Події

«Вот уже девять лет мой дом держится добротой читателей «Фактов»

0:00 — 15 грудня 2006 eye 356

Как эстафетную палочку, передают друг другу незнакомые люди Тамару Голубятникову из Херсона и ее приемного сына Славу, финансируя лечение мальчика и фактически спасая его от смерти

Эта история — одна из моих любимейших журналистских историй. Может, потому, что она очень похожа на ожившую новогоднюю сказку. Детям положено верить в сказки. А взрослым?

— Нашу взрослую сказку мы пишем вместе с «ФАКТАМИ», — улыбается Тамара Голубятникова. — Когда 9 лет назад я взяла шефство над брошенным умирающим грудничком, то разве могла рассчитывать, что поднимать его будем всем читательским миром? Знала, конечно, что «ФАКТЫ» — газета, которая следит за судьбой своих героев, но не до такой же степени! Вот уже много лет ощущение тесного дружеского круга позволяет нам с сынишкой просыпаться по утрам в уверенности: мы не одни. Заботой и поддержкой совсем незнакомых людей — почитателей вашего издания — держится все эти годы мой дом: на деньги друзей «ФАКТОВ» я кормлю и лечу своего Славика, они из года в год оплачивают моему малышу первую клубнику и поездки на море, собирают в школу, шлют подарки к Новому году и Рождеству. Это счастье длится и длится, убеждая меня: мир полон дремлющей любви. Спасибо изданию, умеющему ее разбудить. Немного помощи, радости, дружбы всегда могут кого-то спасти.

«Киндер-сюрприз в мои-то годы? Что вы! Я не собиралась, так вышло»

В доме, где растет Славик, поменялся номер телефона, и я не смогла предупредить Тамару Михайловну, что приду. Приехав в сумерках по давно знакомому адресу, решила сначала заглянуть в их сияющее окошко. Повзрослевший ребенок и его мама-бабушка, которой давно за 70, чаевничали, о чем-то разговаривая. Две фигурки — маленькая и более крупная, излучали такой покой, такое умиротворение, что мне и самой вдруг остро захотелось стать маленькой девочкой и сидеть под уютным торшером с ними вместе.

— Ура! Гости! — прыгает через минуту мне на шею худющий и легкий, как пушинка, Слава. За год, что мы не виделись, он вытянулся, подрос.

— Какой красивый! Почти взрослый! — не скрываю восторга.

— Ну скажете! — счастливо смеется Тамара Голубятникова. — Вы ведь помните...

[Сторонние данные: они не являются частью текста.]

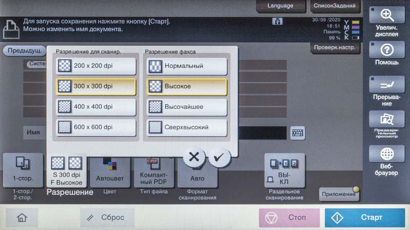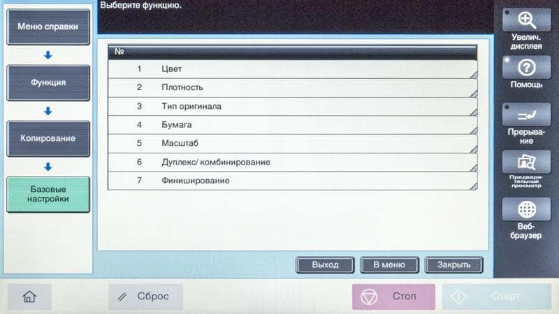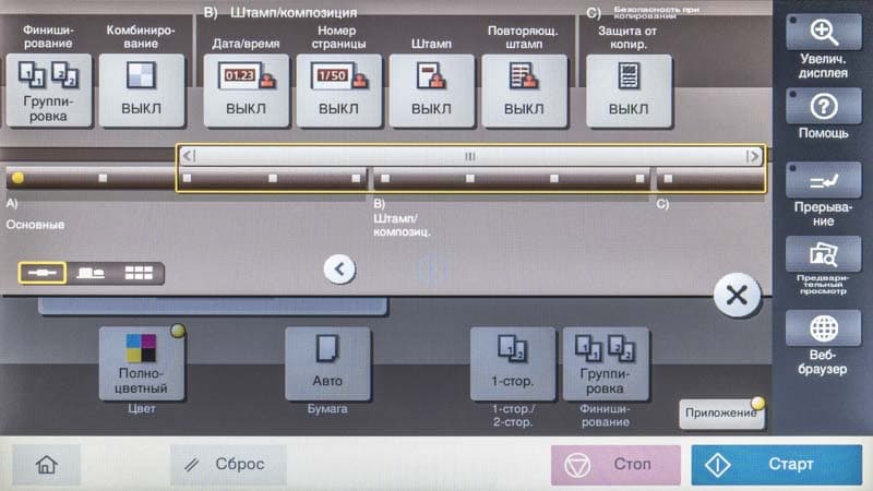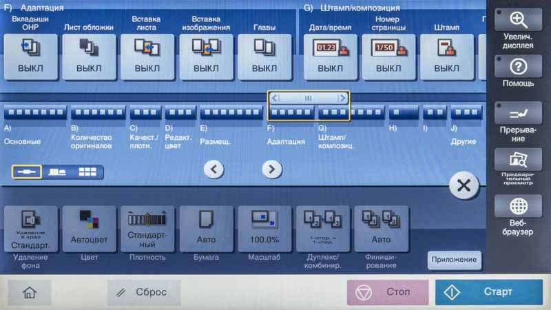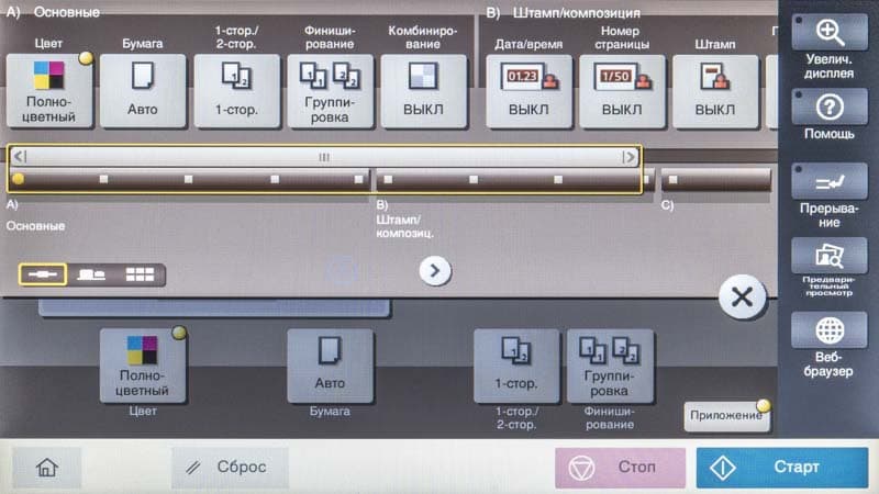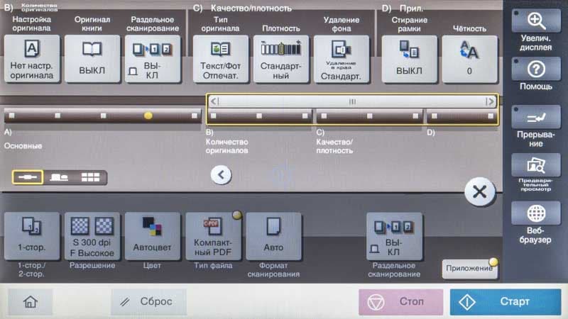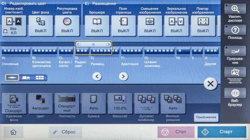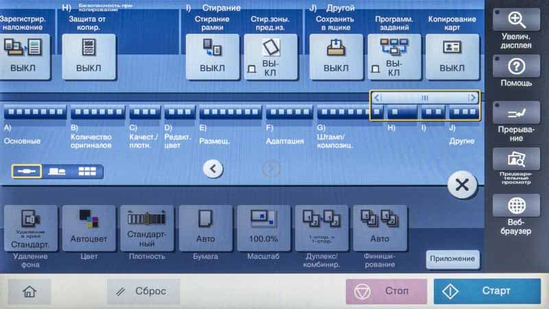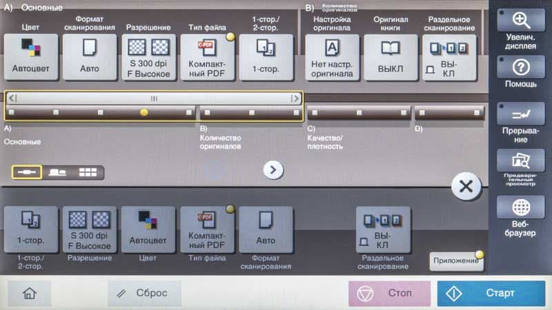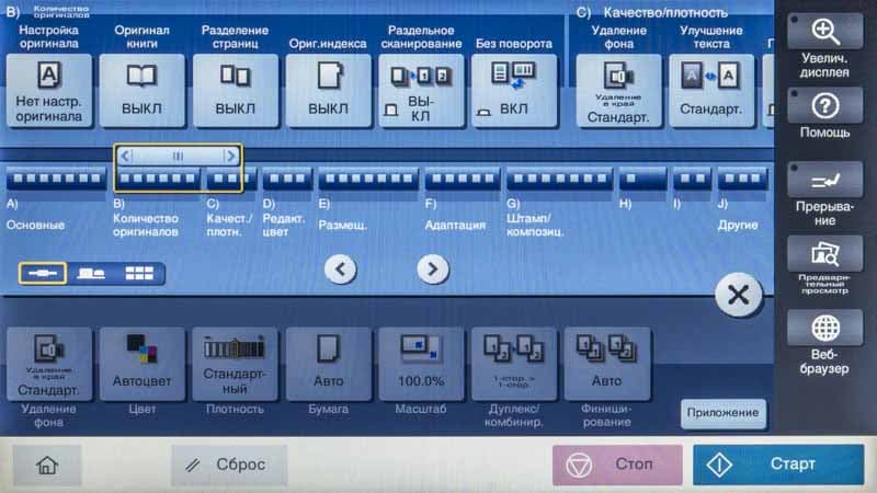Набор прочих доступных на этом экране параметров копирования вполне обычный: масштабирование, плотность, финишная обработка, задание количества сторон оригинала и копии, выбор лотка. Расширенный список появляется по нажатию кнопки «Приложение» (перечень длинный, поэтому для него предусмотрены три режима отображения, которые можно выбирать по своему вкусу).

Я, конечно, помню. Когда первый раз увидела малыша, кроме бирки на руке и ноге, у него ничего не было. Ни дома, ни отца, ни матери. Родители, может, и забрали бы сына из роддома, если бы врачи скрыли от них, что букет врожденных диагнозов потребует от семьи средств на выхаживание, которых та не имела. Папа и мама посоветовались и приняли решение отказаться от желанного, но очень больного ребенка. Через год, и правда, у них родился второй сынишка — эта попытка оказалась более счастливой. А тому, первому, родители дали лишь имя и свою фамилию. И Слава остался один. За ним стали присматривать врачи и ангел-хранитель. Наверное, именно он прислал в больницу херсонскую пенсионерку, бабушку Тамару. К тому времени бывший инженер Тамара Голубятникова вышла на пенсию и привыкала к спокойной, размеренной жизни. Вместе с подругой они несколько раз в неделю ходили в храм, где однажды услышали: в местной больнице голодают сироты. Времена были очень трудные, говорит Голубятникова, в медучреждениях не хватало даже молочных смесей для новорожденных. Вняв просьбе священника, обе прихожанки послушно отправились в больницу. Как получилось, что обе взяли себе по ребенку-сироте, Тамара Михайловна до сих пор не может понять.

— Я не собиралась, — признается бабушка Тамара. — Принесла молока, а врачи просят: купите лекарств. Ну, купила. А назавтра мне в отделении реанимации вручили уже целую пачку рецептов. Это все для «вашего мальчика», говорят. Послезавтра оказалось, что если я не приду, малыш умрет.

«Что хоть за мальчик, дайте посмотреть!» — попросила Голубятникова. То, что ей показали, даже отдаленно не напоминало ребенка. В инкубаторе, опутанная трубочками, лежала маленькая желеобразная медузка. Ее передавали из одной смены в другую, но и врачам, кроме как на милосердие людское, надеяться тоже было не на что: больница не могла приобрести даже одноразовые шприцы. Если бы женщина тогда растерялась...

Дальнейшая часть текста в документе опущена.